One area identified as having potential for a modest Government investment to yield a significant innovative dividend is in helping start-ups and small businesses commercialise innovative ideas.

Not-for-profit innovation incubator Innovic argues public funding for a targeted micro-loan program or commercialisation fund could help many start-ups get over the commercialisation hurdle.

“Often at the very early stages people aren’t eligible for most grants because they don’t have the experience or track record. They are forced to try and bootstrap their businesses, and that is a long lonely path, and sometimes the time and money just isn’t there,” Innovic chief executive Joss Evans says.

Evans says funds for increased business skill training for early stage entrepreneurs would also pay dividends.

“Most innovators are not business people, so while they have creative ideas they often don’t have the skills to take it to market,” she says.

Improvements to Australia’s R&D policy framework is also nominated as a priority reform area by in several submissions.

John Bell, an associate director of Allen Consulting Group and former head of the OECD’s science, technology and innovation policy division, says increasing the Federal Government’s R&D tax concession regime could provide a big boost to innovation.

The shift in the R&D tax concession from 150% to 125% has retarded research levels in Australia, Bell says.

“We saw significant growth in R&D by business when the 150% tax concession was introduced, but as soon as it went to 125% it started to fall away and we are only now, after many years of a strong economy, returning to those levels as a percentage of GDP,” Bell says.

He argues that a bold Government move to implement an R&D tax concession closer to 200% is now needed to kickstart business innovation.

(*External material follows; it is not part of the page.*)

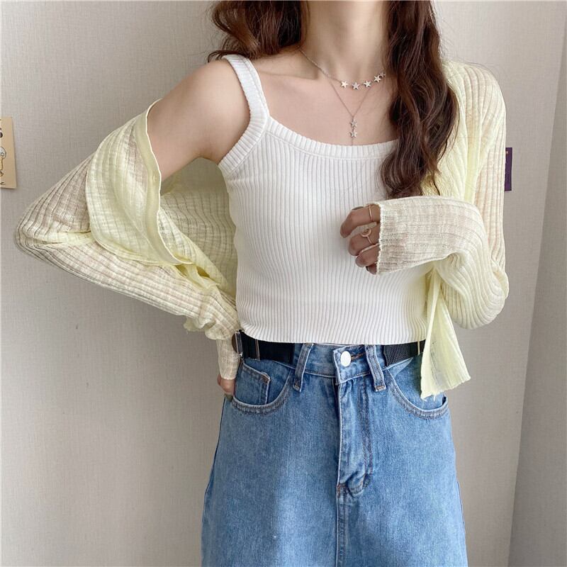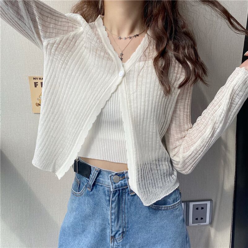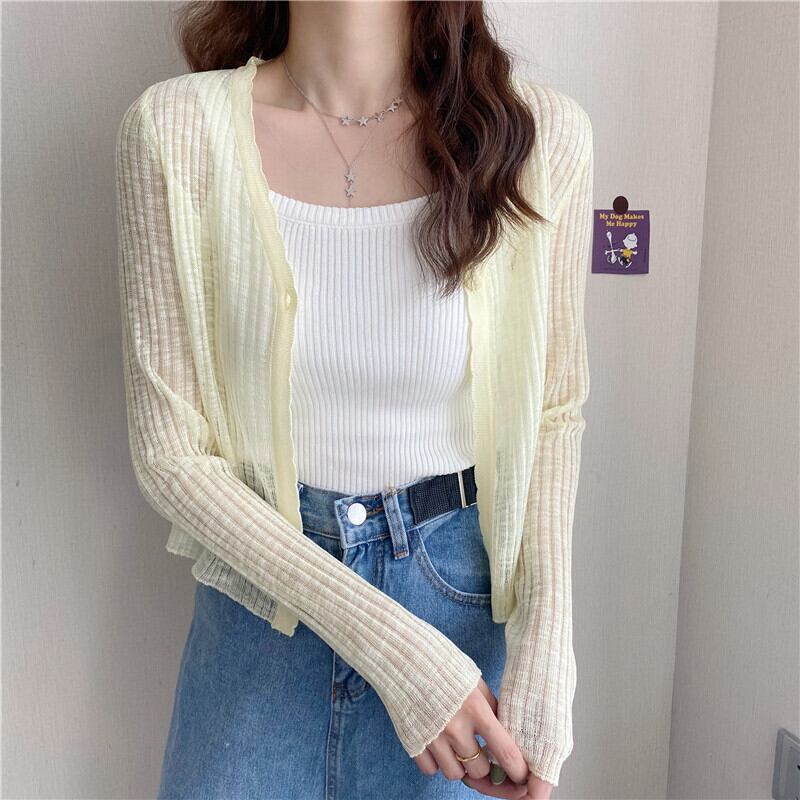 セーター カーディガンVネックレディース夏服韓国ファッションスリムブラウス ロング 夏物 スタイル 長袖 YY94632716297

“You need to go above that 150% mark to get the same effect because changes to franking dividends and the corporate tax rate have reduced the benefit in tax concessions,” he says.

And, like Evans, Bell says any increase in funding to business should be matched by a skills boost.

“We need more of the scientists, engineers and skilled people across the board that make innovation happen. We are just not producing enough of these people,” he says.